Di tempat lain, bila seorang Muslimah belum menikah, maka sebagai anak ia wajib taat pada orang tuanya selama tidak memerintahkan kepada maksiat. Allah Subhanahu wa Ta'ala berfirman :

“Kami wasiatkan kepada manusia supaya berbuat baik kepada kedua orang tuanya… .” (Al Ankabut : 8)

Dalam hadits dari ‘Abdullah bin ‘Amr bin Al ‘Ash radhiallahu 'anhuma dari Nabi Shallallahu 'Alaihi Wa Sallam, beliau bersabda :

“Dosa-dosa besar ialah menyekutukan Allah, durhaka pada orang tua, membunuh jiwa (tanpa hak), dan sumpah palsu.” (HR. Bukhari)

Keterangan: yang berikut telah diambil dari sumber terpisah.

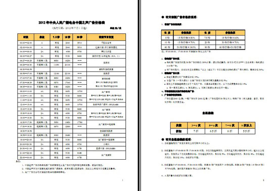 中央人民廣播電臺中國之聲廣告價(jià)格將于2012年7月1日起調(diào)整,調(diào)整后價(jià)格表已于日前正式發(fā)布。全權(quán)負(fù)責(zé)中國之聲、經(jīng)濟(jì)之聲廣告業(yè)務(wù)經(jīng)營的央廣廣告公司授權(quán)本網(wǎng)站獨(dú)家刊載,未經(jīng)授權(quán)請勿擅自刊登或轉(zhuǎn)載,否則將追究相關(guān)法律責(zé)任。

Untuk dapat berbuat baik dan menunaikan hak-hak orang tua dengan benar, seorang Muslimah tidak bisa lepas dari ilmu.

Seluruh kewajiban ini harus dapat ditunaikan dengan dasar ilmu. Karena jika tidak, akan terjadi berbagai kesalahan dan kerusakan. Maka tidak heran, bila para Muslimah yang bodoh terhadap agamanya melakukan berbagai praktek kesyirikan dan kebid’ahan. Akibat kebodohannya pula, banyak Muslimah yang durhaka pada suami atau orang tuanya. Atau terjadi berbagai kesalahan dalam mendidik anak sehingga muncullah generasi yang berakhlak buruk, bahkan bisa jadi durhaka pada orang tua yang telah merawat dan membesarkannya. Karena kebodohannya pula, banyak Muslimah yang tidak mengetahui bagaimana ia harus menjaga kehormatannya, sehingga ia menjadi fitnah dan terjerumus dalam perzinahan dan berbagai kemaksiatan. Kita berlindung kepada Allah Subhanahu wa Ta'ala dari yang demikian itu.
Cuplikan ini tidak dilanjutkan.